═════ Provided data ═════

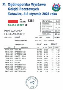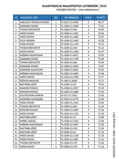 Trzy pierwsze gołębie z listy konkursowej z 4 pierwszych lotów organizowanych przez oddział. O lokacie decyduje
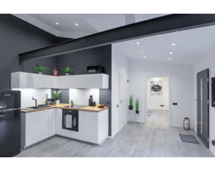 Loftapartment im historischen Fabrikambiente eines alten Fotolabors trifft auf Moderne Es handelt sich hier um eine wunderschöne und exklusive Neubauwohnung im Herzen von Düsseldorf Oberrath. Die Wohnung wurde im Oktober 2021 fertiggestellt und liegt super zentral auf Höhe Rather Waldstadion und Derendorf. Die sehr schöne Stadtwohnung in Düsseldorf Oberrath hat einen eigenen Eingang und ist mit luxuriösen Möbeln ausgestattet u.a. mit einer modernen Einbauküche, frischen Glattputzwänden, top modernem Bad, TV-Bereich sowie einem geräumigen Schlafzimmer. Sie genießen alle Vorteile der zentralen Lage und können sich trotzdem an einer ruhigen Wohnung erfreuen, da sie zum Innenhof gerichtet ist. Der Bahnhof ist 2 Gehminuten entfernt. Discounter und Supermärkte wie Penny und Lidl sind direkt neben der Wohnung zu Fuß erreichbar. Historische Sehenswürdigkeiten wie die Frauensteine oder das Kriegsdenkmal sind in wenigen Gehminuten zu Fuß erreichbar.
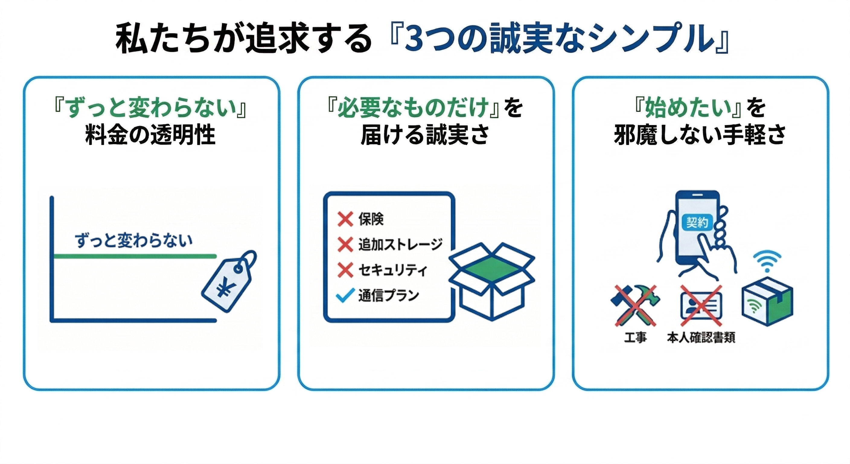 私たちが掲げる夢は、ただWi-Fiをお届けすることではありません。通信に対する「心理的ハードル」をゼロにすることです。そのために、私たちは以下の3つの約束を徹底しています。

═════

**Task brief:** When copying the material, leave every image behind and keep each line verbatim.

**Task response:**
 Trzy pierwsze gołębie z listy konkursowej z 4 pierwszych lotów organizowanych przez oddział. O lokacie decyduje
 Loftapartment im historischen Fabrikambiente eines alten Fotolabors trifft auf Moderne Es handelt sich hier um eine wunderschöne und exklusive Neubauwohnung im Herzen von Düsseldorf Oberrath. Die Wohnung wurde im Oktober 2021 fertiggestellt und liegt super zentral auf Höhe Rather Waldstadion und Derendorf. Die sehr schöne Stadtwohnung in Düsseldorf Oberrath hat einen eigenen Eingang und ist mit luxuriösen Möbeln ausgestattet u.a. mit einer modernen Einbauküche, frischen Glattputzwänden, top modernem Bad, TV-Bereich sowie einem geräumigen Schlafzimmer. Sie genießen alle Vorteile der zentralen Lage und können sich trotzdem an einer ruhigen Wohnung erfreuen, da sie zum Innenhof gerichtet ist. Der Bahnhof ist 2 Gehminuten entfernt. Discounter und Supermärkte wie Penny und Lidl sind direkt neben der Wohnung zu Fuß erreichbar. Historische Sehenswürdigkeiten wie die Frauensteine oder das Kriegsdenkmal sind in wenigen Gehminuten zu Fuß erreichbar.
 私たちが掲げる夢は、ただWi-Fiをお届けすることではありません。通信に対する「心理的ハードル」をゼロにすることです。そのために、私たちは以下の3つの約束を徹底しています。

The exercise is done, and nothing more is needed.